As expected, an increase of BLA was observed after WAnT in all protocols indicating the vital contribution of anaerobic metabolism to the energy requirements during the exercise test. Despite increase (63) and maintenance (60) of BLA levels are commonly reported after caffeine intake, lower BLA concentration was observed in CAF3 compared to other protocols after five minutes of recovery. Unfortunately, the only lactate analysis performed in the initial phase of recovery does not permit to detect the exact moment with the highest lactate concentration, which makes any inference about the effect of caffeine on lactate production or clearance questionable. In the final phase of post-exercise recovery, we observed higher BLA levels in CAF6 compared to PLA, but the absence of difference between CAF6 and control prevents the attribution of higher blood lactate to caffeine supplementation. Of note, blood lactate reflects the balance between lactate production and clearance and the precise mechanisms that explain the small differences observed in this study is unclear and it may be just a inter day variation of BLA response to exercise, hypothesis previously reported in the literature (64, 65).

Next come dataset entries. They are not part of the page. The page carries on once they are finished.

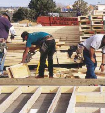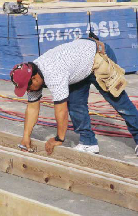 I. Be there before the lumber package is dropped to direct the driver or make sure you have marked clearly where the package is to be dropped. Give yourself enough room to break the package down without crowding yourself, get it close enough to the building that you don’t have to walk too far, but not so close that it’s in your way. The package will usually be stacked for the driver’s convenience, not yours. Most often, the plate material and the floor joists will be under the plywood. While you are snapping lines with one of your helpers, the other two workers should be breaking down the package and sorting it out.
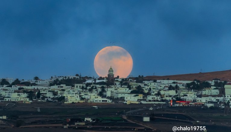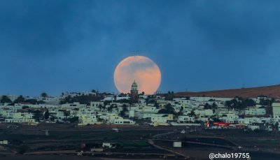 El fotógrafo Marcial Martín ha logrado captar con su cámara una impresionante imagen de la Luna llena que iluminó la noche en Lanzarote en la jornada de este miércoles. La fotografía, tomada desde el pueblo de Tao con un objetivo de 100mm40mm, muestra a la Luna saliendo detrás de Teguise con un contraste entre el color anaranjado del satélite y el blanco de las casas de la isla.
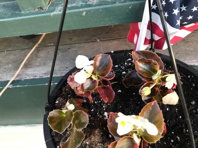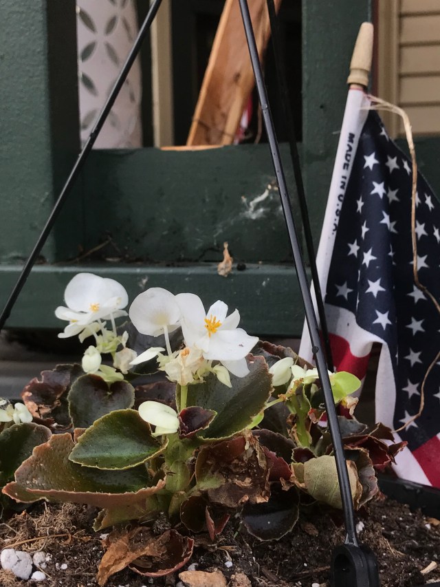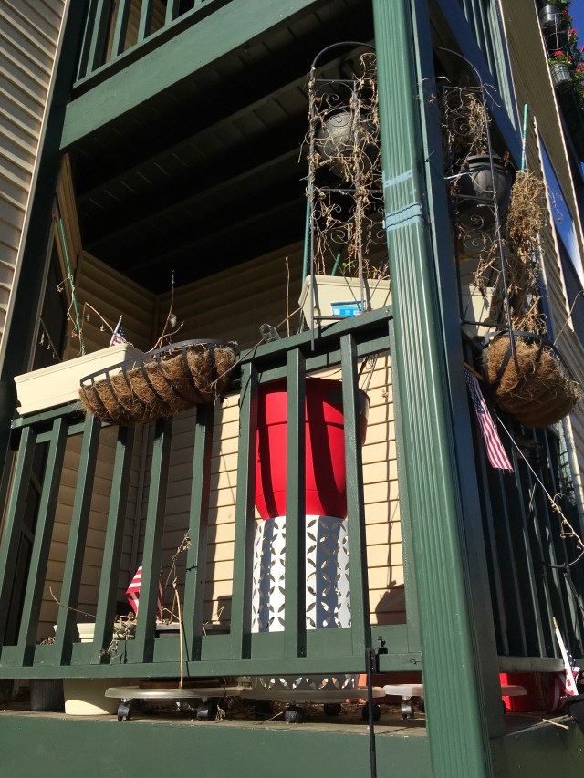 Another bud is forming behind by the red pot – that one has a sunflower seed planted with big hopes.

Limitations: A major strength of our study is our randomized, crossover design. A limitation of our study is the use of a single, acute bout of WAnT testing. Therefore, we cannot generalize our findings to higher exercise volume conditions, such as multiple WAnT testing, multiple sets of resistance training, interval style workouts. We also cannot generalize our findings to women. The absence of ventilatory, sympathetic activity, and post-exercise blood pressure analysis, variables that influence HRV could also contribute to a better physiological interpretation of our data. We believe that a particular strength of our study was the use of a non-supplemented CON condition in addition an inert PLA and support this contention that a number of between group comparisons in our study were significant vs. the CON, but not the PLA treatments. Lastly, we assessed cardiac parasympathetic reactivation during 35 minutes of recovery, which limits our conclusions to this time window. However, despite the mentioned limitations, the analysis of autonomic response to different caffeine supplementation dosages on resting and post-exercise conditions adopted in this study adds robust information to current scientific debate about the autonomic effect of caffeine ingestion. The post-exercise time window adopted in this study allow fast and slow parasympathetic reactivation analysis and is within of window of opportunity for sudden death in young observed 30 minutes after vigorous exercise, which can be partially attributed to post-exercise cardiac autonomic dysfunction (66) and add clinical relevance to our results.